▸ Material provided:
+ + +
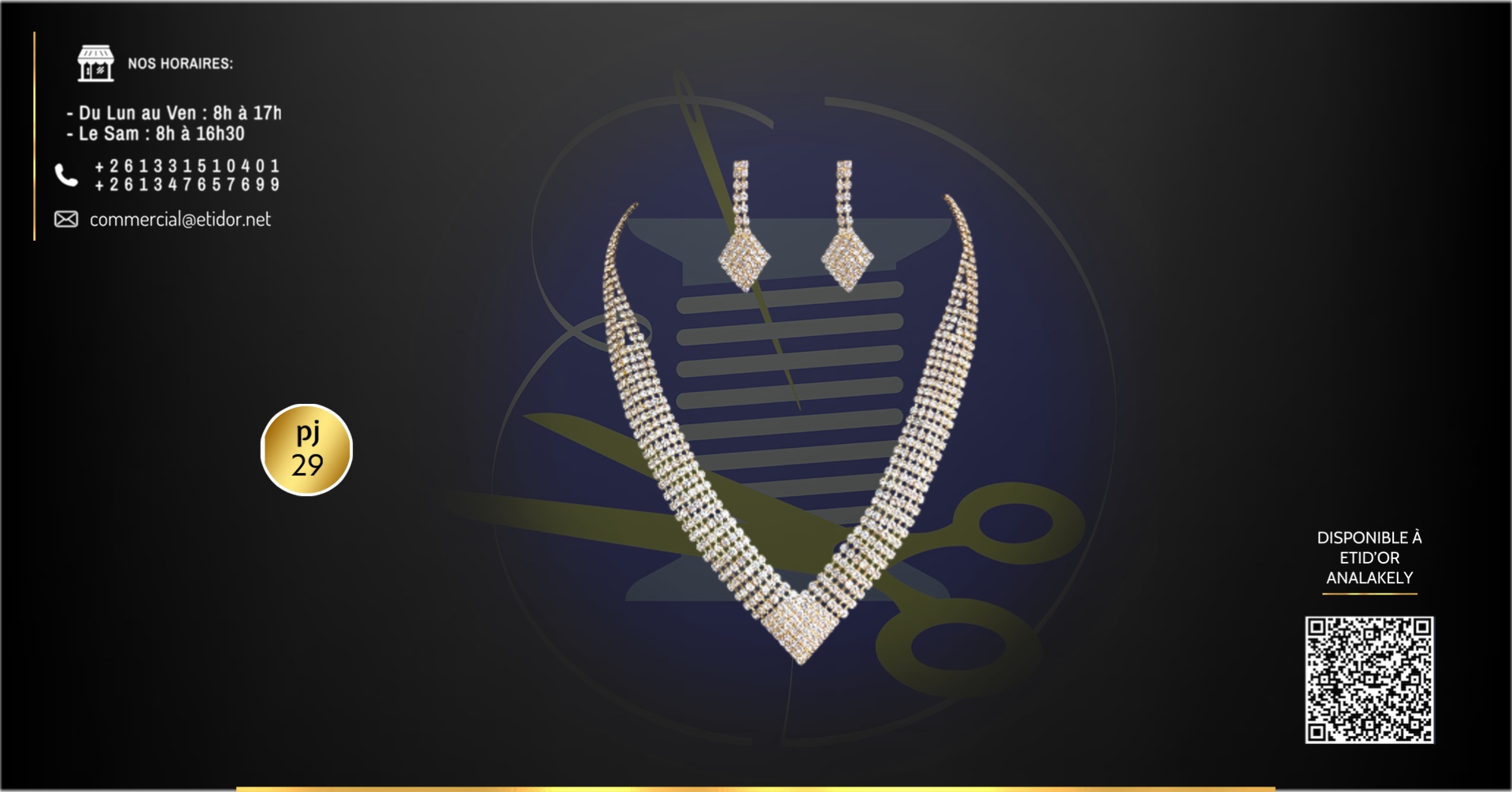 Ajoutez une touche de charme à vos tenues avec nos parures raffinées, idéales au quotidien comme pour vos occasions spéciales. 💬Pour effectuer votre commande, veuillez prendre en photo le produit et valider vers ce lien: m.me/etidorshop ou contacter notre commercial aux : 📞 +261 34 02 270 83 / +261 33 15 104 0 📧commercial@etidor.net
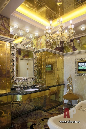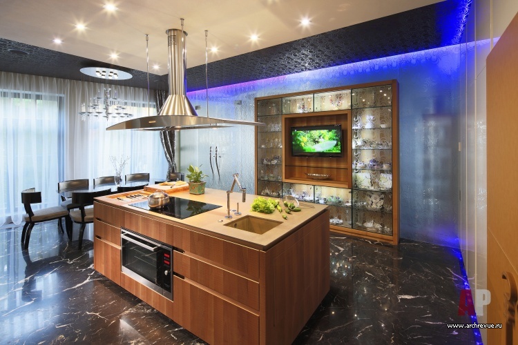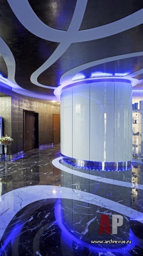 Архитекторы бюро «Дом-А» предложили сделать ставку на сложную светодиодную подсветку, эту идею заказчики восприняли с воодушевлением. Общая стилистика интерьера в процессе работы претерпела изменения: от жесткого минимализма до неоклассики с экстравагантной мебелью и светильниками фабрики Visionnaire.
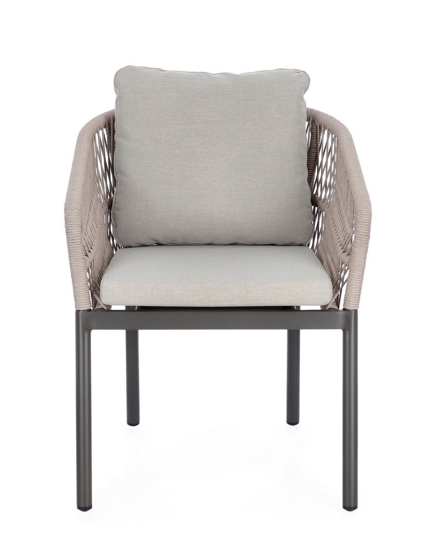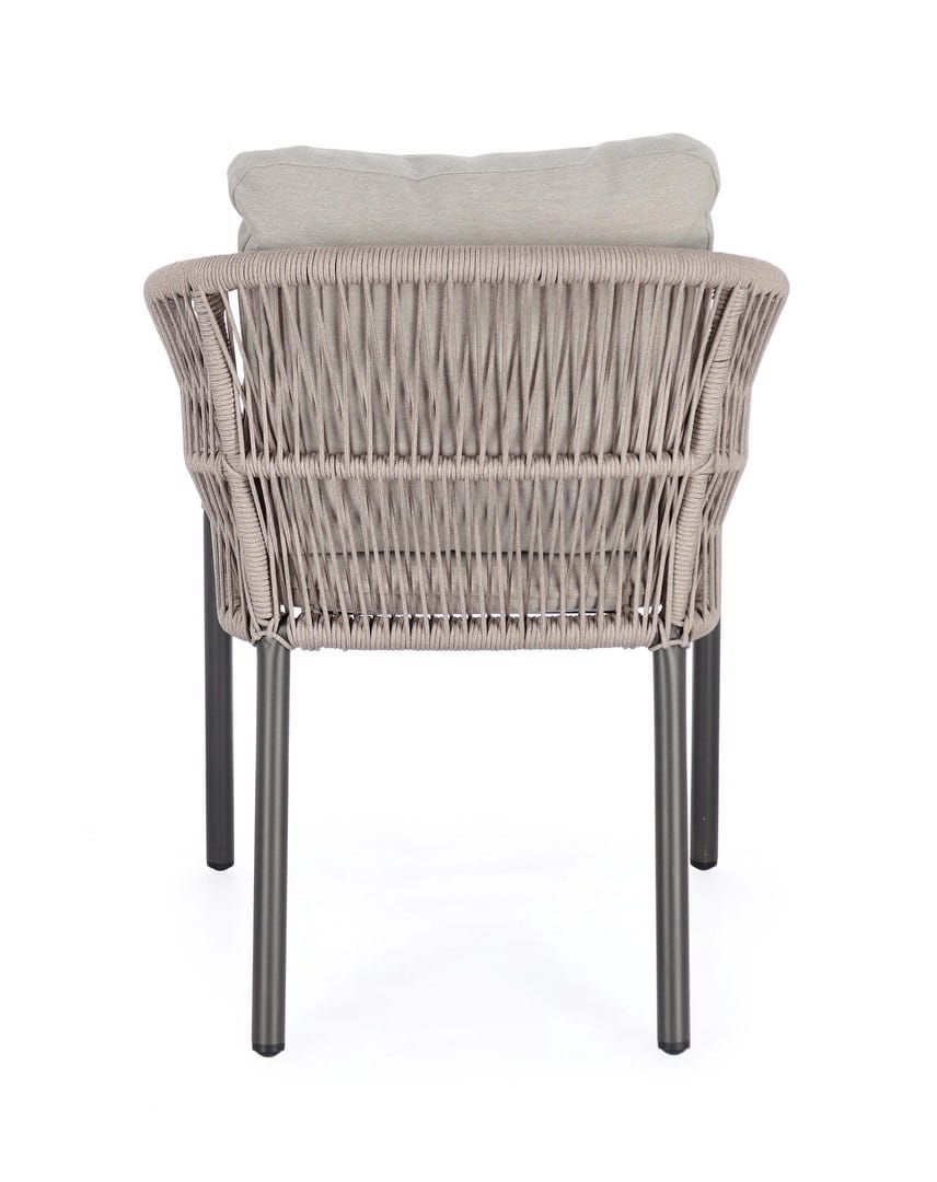 Oparcie i boki wykonane zostały z plecionegio ręcznie poliestrowego sznura o dekoracyjnym splocie. Tworzą efektowną strukturę, która nadaje krzesłu unikalnego charakteru, a jednocześnie zapewnia komfortowe podparcie. Wodoodporne poduszki na siedzisku i oparciu, wykonane z poliestru odpornego na wilgoć i zabrudzenia, posiadają zdejmowane pokrowce, co ułatwia ich czyszczenie i codzienne użytkowanie.
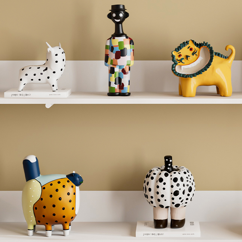 卡通动物组合北欧儿童房艺术摆件玩偶潮玩售楼处样板间软装饰品
+ + +
▸ Action item:
Transcribe exactly the lines above, running from the one that contains "Oparcie i boki" through the final line of the listing, and skip every picture.

▸ Output below:
 Oparcie i boki wykonane zostały z plecionegio ręcznie poliestrowego sznura o dekoracyjnym splocie. Tworzą efektowną strukturę, która nadaje krzesłu unikalnego charakteru, a jednocześnie zapewnia komfortowe podparcie. Wodoodporne poduszki na siedzisku i oparciu, wykonane z poliestru odpornego na wilgoć i zabrudzenia, posiadają zdejmowane pokrowce, co ułatwia ich czyszczenie i codzienne użytkowanie.
 卡通动物组合北欧儿童房艺术摆件玩偶潮玩售楼处样板间软装饰品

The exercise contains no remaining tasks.